Cool use cases for inferred literals in Umka
Inferred literals have been recently added to Umka. They allow you to omit the type in the struct/array literals. For example, from my game’s codebase:
[]Window{
Window{
name: "Test window",
rect: rect.Rect{ 20, 20, 64, 48 },
aspect: th.Vf2{ 4, 3 },
f: fn(this: ^Window) { },
ctx: null,
gui: ui.mk(rect.Rect{}, res.getUiStyle()) } }
This can now be converted to the following code:
{ {
name: "Test window",
rect: { 20, 20, 64, 48 },
aspect: { 4, 3 },
f: { },
ctx: null,
gui: ui.mk({}, res.getUiStyle()) } }
This allows Umka code to be much cleaner and compact, although the programmer must make sure the code stays readable.

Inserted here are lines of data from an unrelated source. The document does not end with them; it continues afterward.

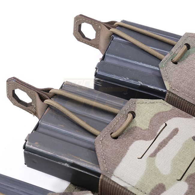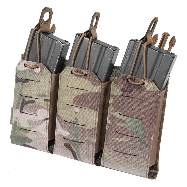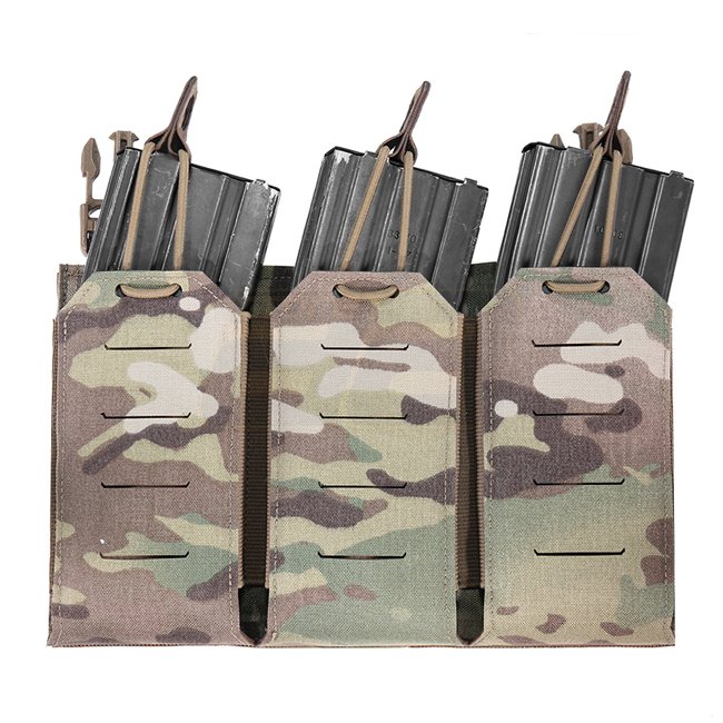 The Warrior Laser Cut Triple Bungee 5.56 Magazine Pouch is a detachable front panel designed to hold three 5.56 mm magazines. It attaches securely to the front of Warrior's Laser Cut LPC Plate Carrier. Elastic bungee cords and a Hypalon lining provide magazine retention even without additional securing measures.
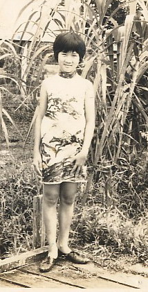 I was 14 with a size 8 feet. Behind me was a clump of sugar cane. The house next door is identical to ours. A brick third class government quarter. By then, Dad had returned from England, became a teacher, a lecturer of the Sarawak Teachers' Training College, and a supervisor of schools.
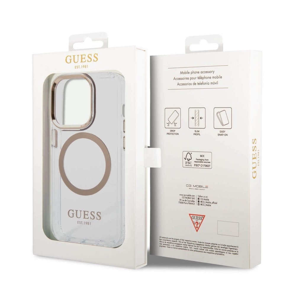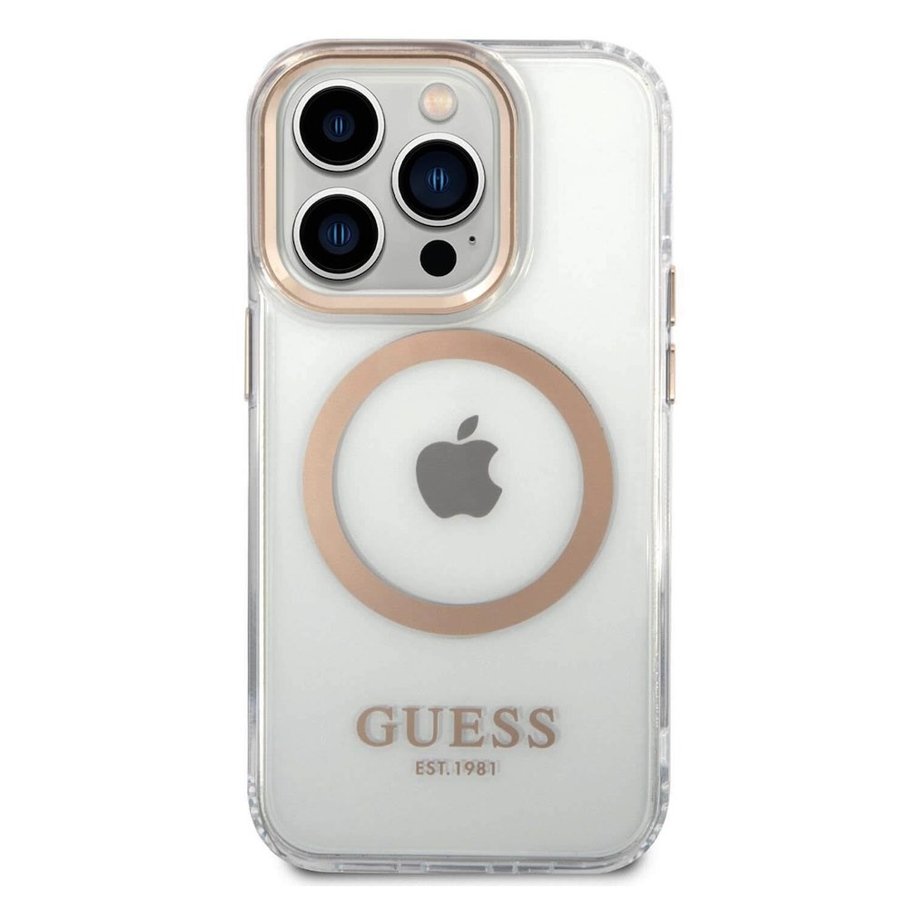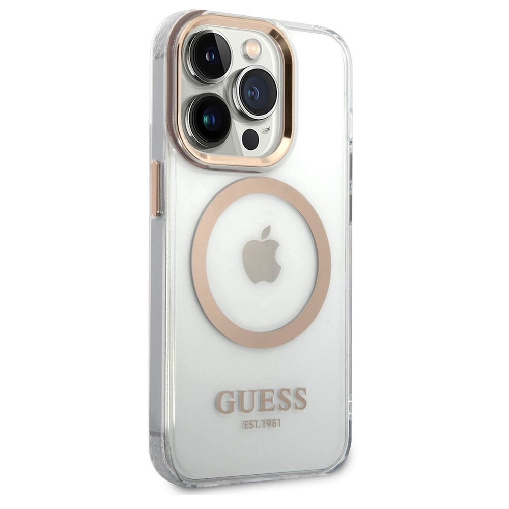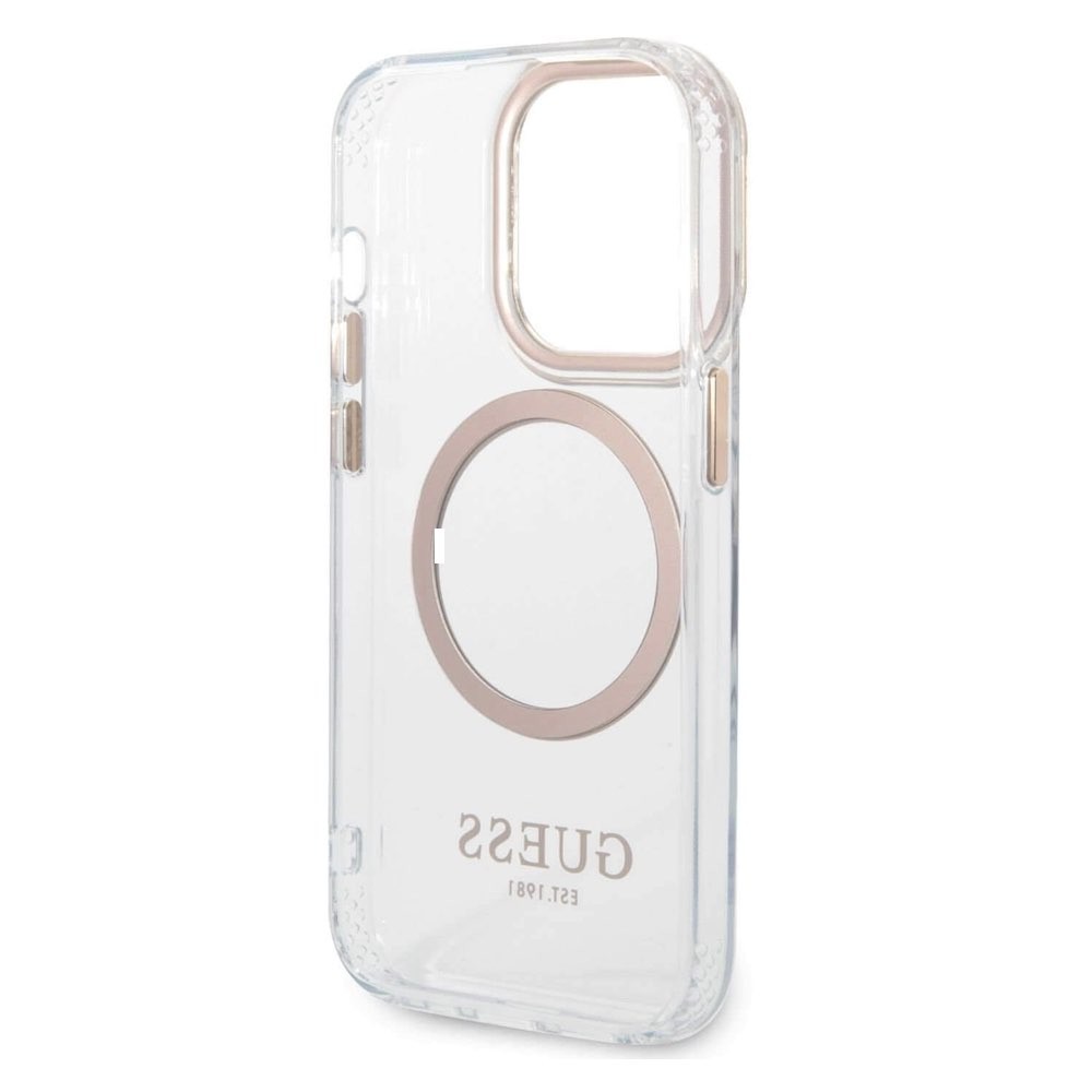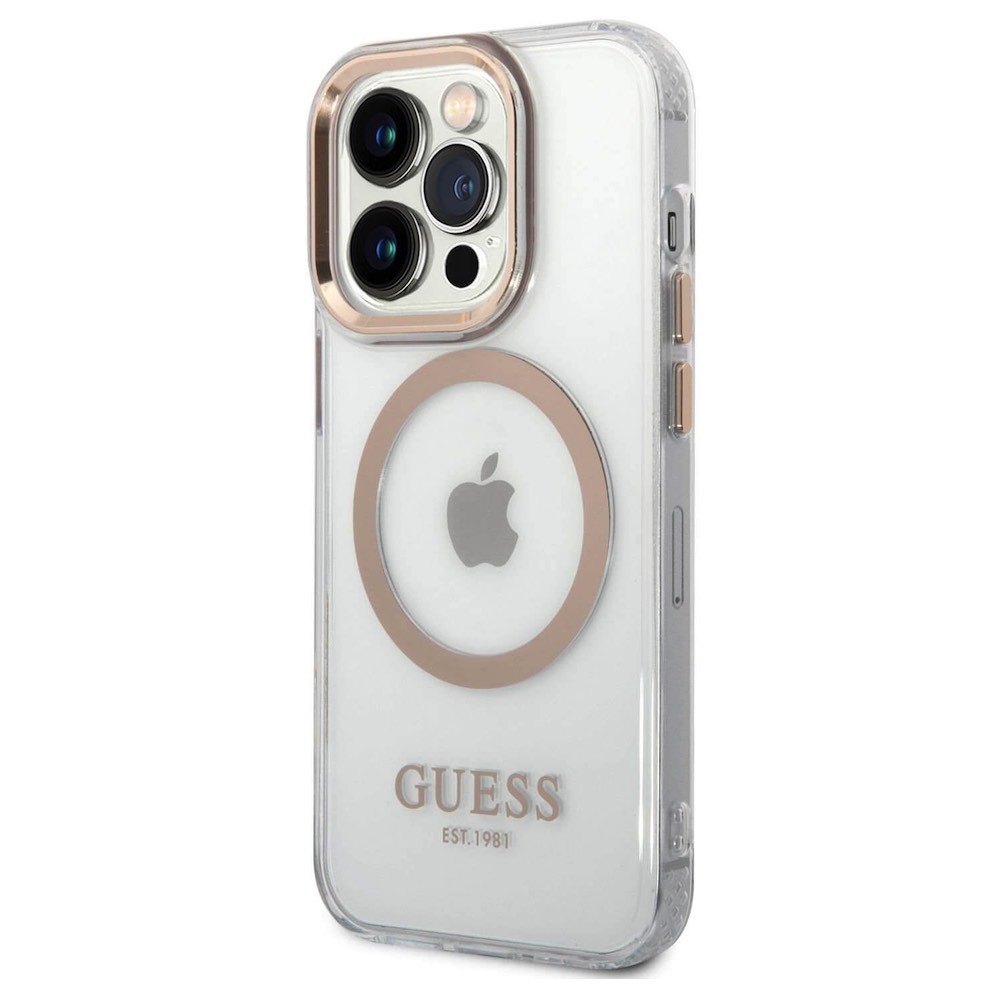 Guess Translucent MagSafe Case - хибриден удароустойчив кейс с MagSafe за iPhone 14 Pro Max (златист-прозрачен)

This new feature also allows you to create functions with keyword arguments. See this greeting function as an example:
type greetKWArgs = struct {
firstName: str
lastName: str
greeting: str
}
fn greet(a: greetKWArgs) {
if len(a.greeting) == 0 {
a.greeting = "Hello"
}
printf("%s, %s %s\n", a.greeting, a.firstName, a.lastName)
}
greet({ firstName: "Umka" }) // outputs: Hello, Umka
They also allow you to create great struct constructors.
type UserCfg* = struct {
name: str
username: str
}
type User* = struct {
name: str
email: str
username: str
id: int
}
fn mkUser*(email: str, cfg: UserCfg = {}): User {
if cfg.name == "" {
cfg.name = sprintf("Guest %d", std.rand() % 1000)
}
if cfg.username == "" {
cfg.username = usernameFromName(cfg.name)
}
return {
name: cfg.name,
username: cfg.username,
email: email,
id: fetchIdByEmail(email) }
}
As you can notice, providing email
is required, however the name and the
username can be generated by the constructor. For that reason they are
specified using the UserCfg
struct. id
on the other hand, is always
generated by the function.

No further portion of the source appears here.